-- EXTRACTED ENTRIES --
◆ ◆ ◆ ◆ ◆

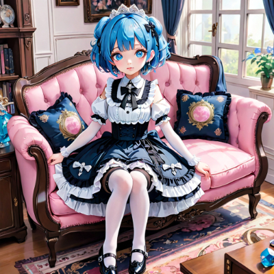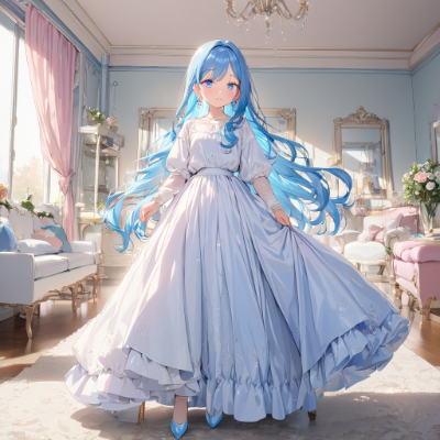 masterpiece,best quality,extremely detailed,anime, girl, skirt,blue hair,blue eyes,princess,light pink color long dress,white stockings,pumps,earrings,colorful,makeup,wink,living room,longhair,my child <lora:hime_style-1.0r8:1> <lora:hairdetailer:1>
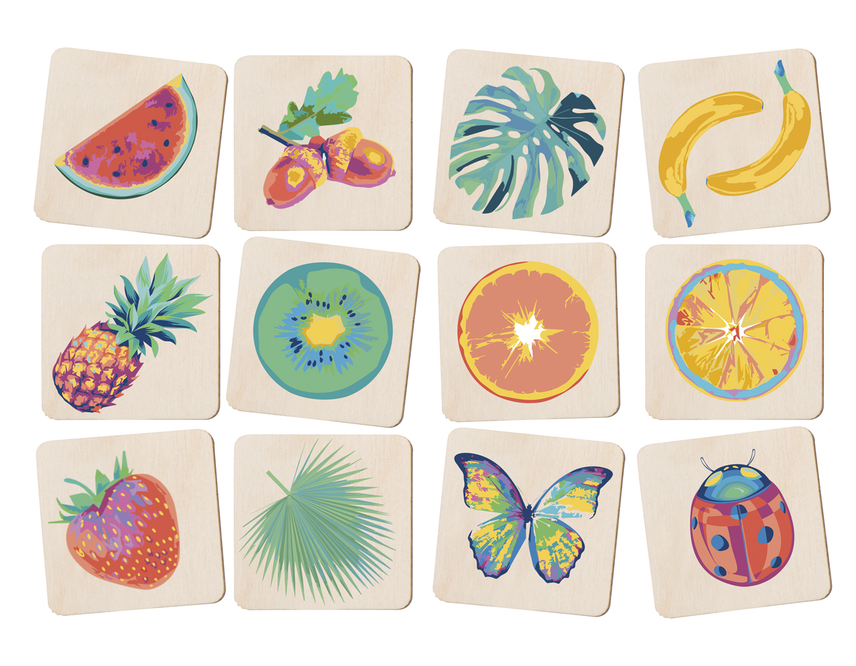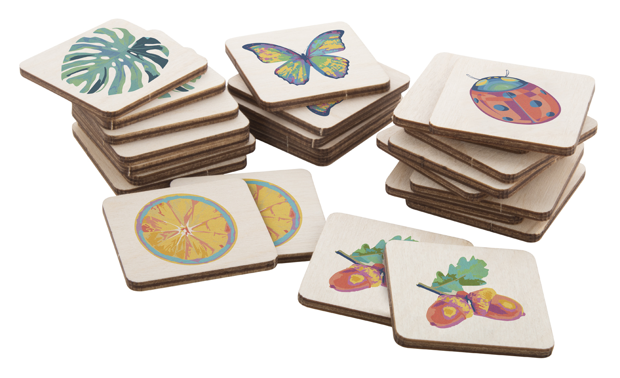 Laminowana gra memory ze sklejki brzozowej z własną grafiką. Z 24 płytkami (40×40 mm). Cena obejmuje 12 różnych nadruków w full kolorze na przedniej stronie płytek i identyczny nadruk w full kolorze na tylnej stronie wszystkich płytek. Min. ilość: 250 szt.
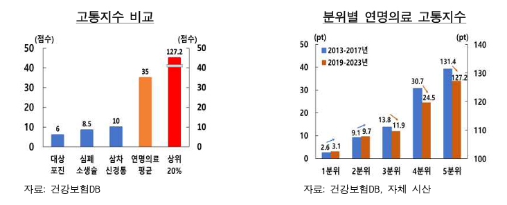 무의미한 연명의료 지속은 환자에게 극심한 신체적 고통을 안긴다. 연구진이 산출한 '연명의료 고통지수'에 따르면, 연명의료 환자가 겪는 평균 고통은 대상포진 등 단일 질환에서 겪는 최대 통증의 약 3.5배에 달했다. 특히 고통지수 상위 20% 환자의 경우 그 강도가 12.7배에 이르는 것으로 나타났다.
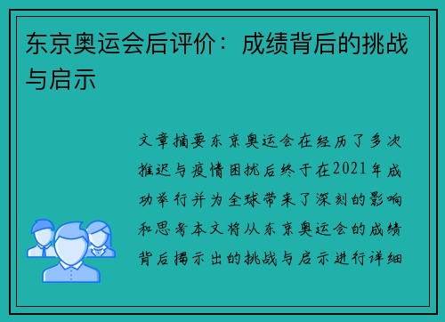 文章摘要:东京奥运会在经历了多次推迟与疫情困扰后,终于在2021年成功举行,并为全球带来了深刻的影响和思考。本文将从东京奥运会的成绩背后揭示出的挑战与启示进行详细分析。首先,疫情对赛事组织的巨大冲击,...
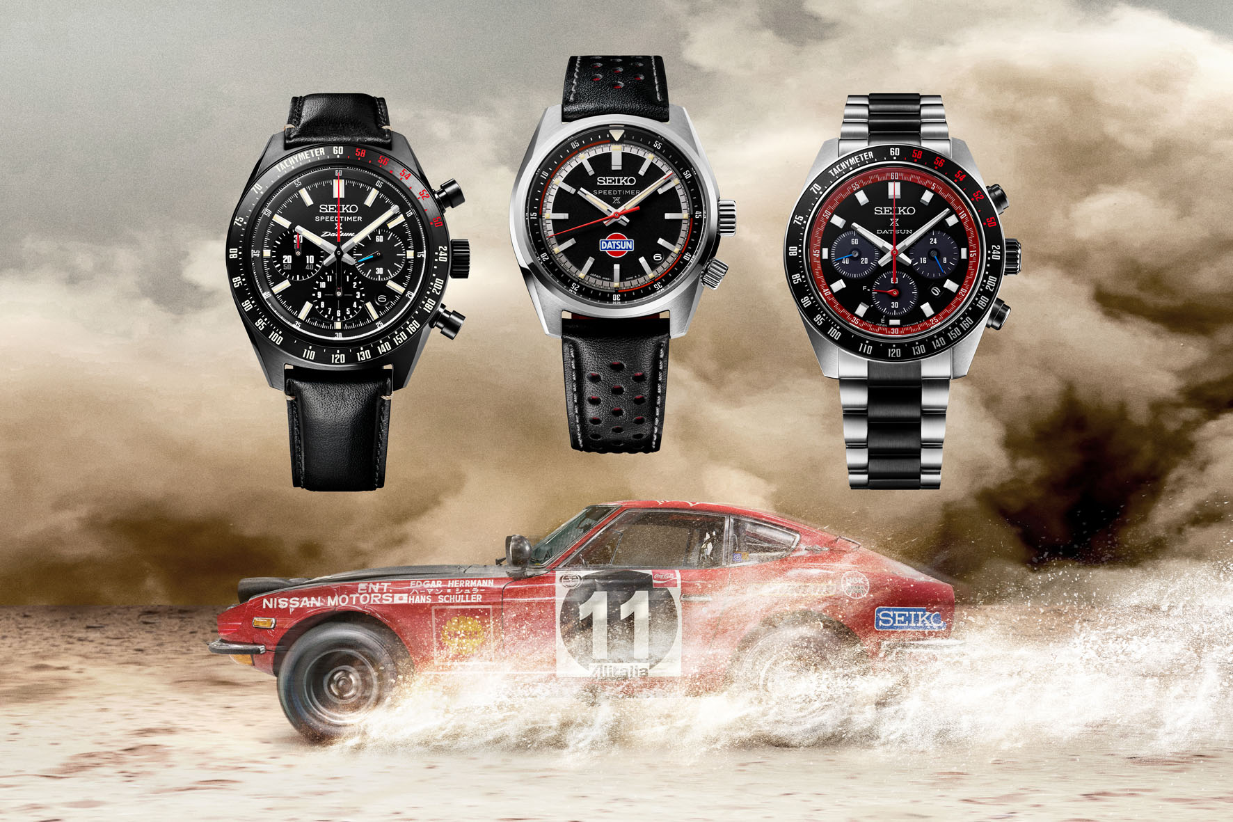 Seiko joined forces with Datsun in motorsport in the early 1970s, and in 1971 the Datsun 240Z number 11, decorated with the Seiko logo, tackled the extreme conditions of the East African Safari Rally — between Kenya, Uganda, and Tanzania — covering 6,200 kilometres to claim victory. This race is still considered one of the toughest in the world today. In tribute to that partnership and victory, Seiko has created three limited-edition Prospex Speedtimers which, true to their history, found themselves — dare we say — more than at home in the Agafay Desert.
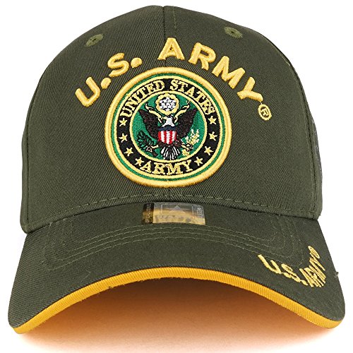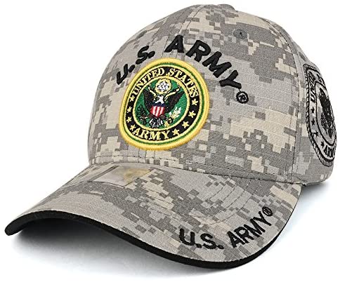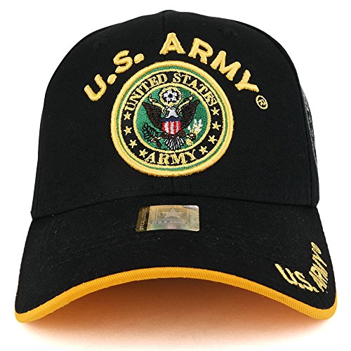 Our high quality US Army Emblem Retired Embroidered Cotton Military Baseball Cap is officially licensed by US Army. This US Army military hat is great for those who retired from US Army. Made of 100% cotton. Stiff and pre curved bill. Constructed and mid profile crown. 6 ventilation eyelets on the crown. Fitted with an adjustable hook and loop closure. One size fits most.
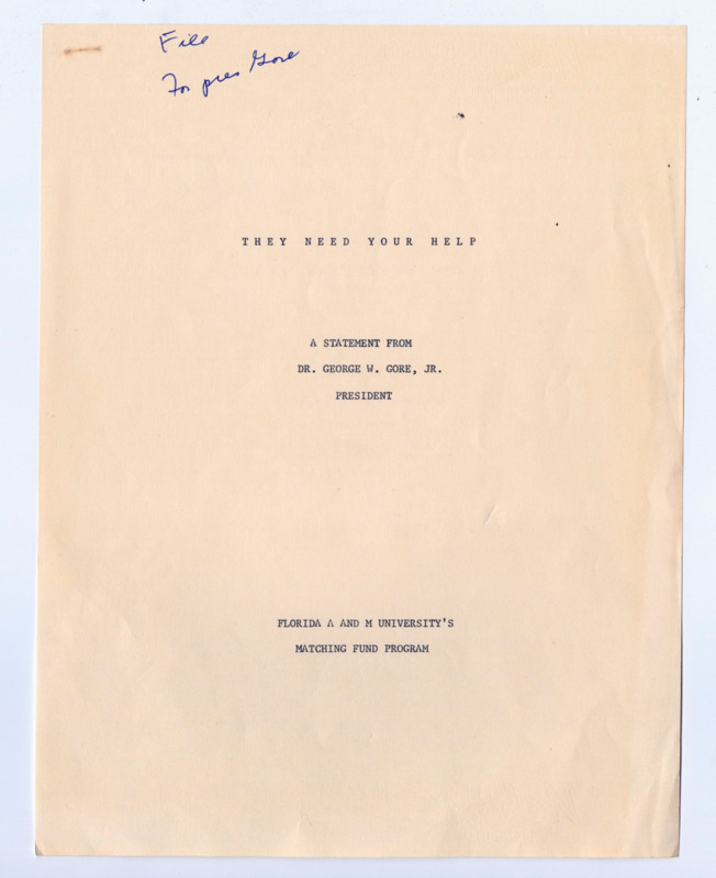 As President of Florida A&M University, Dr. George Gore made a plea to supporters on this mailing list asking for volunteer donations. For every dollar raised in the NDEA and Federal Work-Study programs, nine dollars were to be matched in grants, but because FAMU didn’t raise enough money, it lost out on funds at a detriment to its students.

◆ ◆ ◆ ◆ ◆

-- ASSIGNMENT --
Please give the material above again in full, with no pictures in your version.

-- PROBLEM SOLUTION --
 masterpiece,best quality,extremely detailed,anime, girl, skirt,blue hair,blue eyes,princess,light pink color long dress,white stockings,pumps,earrings,colorful,makeup,wink,living room,longhair,my child <lora:hime_style-1.0r8:1> <lora:hairdetailer:1>
 Laminowana gra memory ze sklejki brzozowej z własną grafiką. Z 24 płytkami (40×40 mm). Cena obejmuje 12 różnych nadruków w full kolorze na przedniej stronie płytek i identyczny nadruk w full kolorze na tylnej stronie wszystkich płytek. Min. ilość: 250 szt.
 무의미한 연명의료 지속은 환자에게 극심한 신체적 고통을 안긴다. 연구진이 산출한 '연명의료 고통지수'에 따르면, 연명의료 환자가 겪는 평균 고통은 대상포진 등 단일 질환에서 겪는 최대 통증의 약 3.5배에 달했다. 특히 고통지수 상위 20% 환자의 경우 그 강도가 12.7배에 이르는 것으로 나타났다.
 文章摘要:东京奥运会在经历了多次推迟与疫情困扰后,终于在2021年成功举行,并为全球带来了深刻的影响和思考。本文将从东京奥运会的成绩背后揭示出的挑战与启示进行详细分析。首先,疫情对赛事组织的巨大冲击,...
 Seiko joined forces with Datsun in motorsport in the early 1970s, and in 1971 the Datsun 240Z number 11, decorated with the Seiko logo, tackled the extreme conditions of the East African Safari Rally — between Kenya, Uganda, and Tanzania — covering 6,200 kilometres to claim victory. This race is still considered one of the toughest in the world today. In tribute to that partnership and victory, Seiko has created three limited-edition Prospex Speedtimers which, true to their history, found themselves — dare we say — more than at home in the Agafay Desert.
 Our high quality US Army Emblem Retired Embroidered Cotton Military Baseball Cap is officially licensed by US Army. This US Army military hat is great for those who retired from US Army. Made of 100% cotton. Stiff and pre curved bill. Constructed and mid profile crown. 6 ventilation eyelets on the crown. Fitted with an adjustable hook and loop closure. One size fits most.
 As President of Florida A&M University, Dr. George Gore made a plea to supporters on this mailing list asking for volunteer donations. For every dollar raised in the NDEA and Federal Work-Study programs, nine dollars were to be matched in grants, but because FAMU didn’t raise enough money, it lost out on funds at a detriment to its students.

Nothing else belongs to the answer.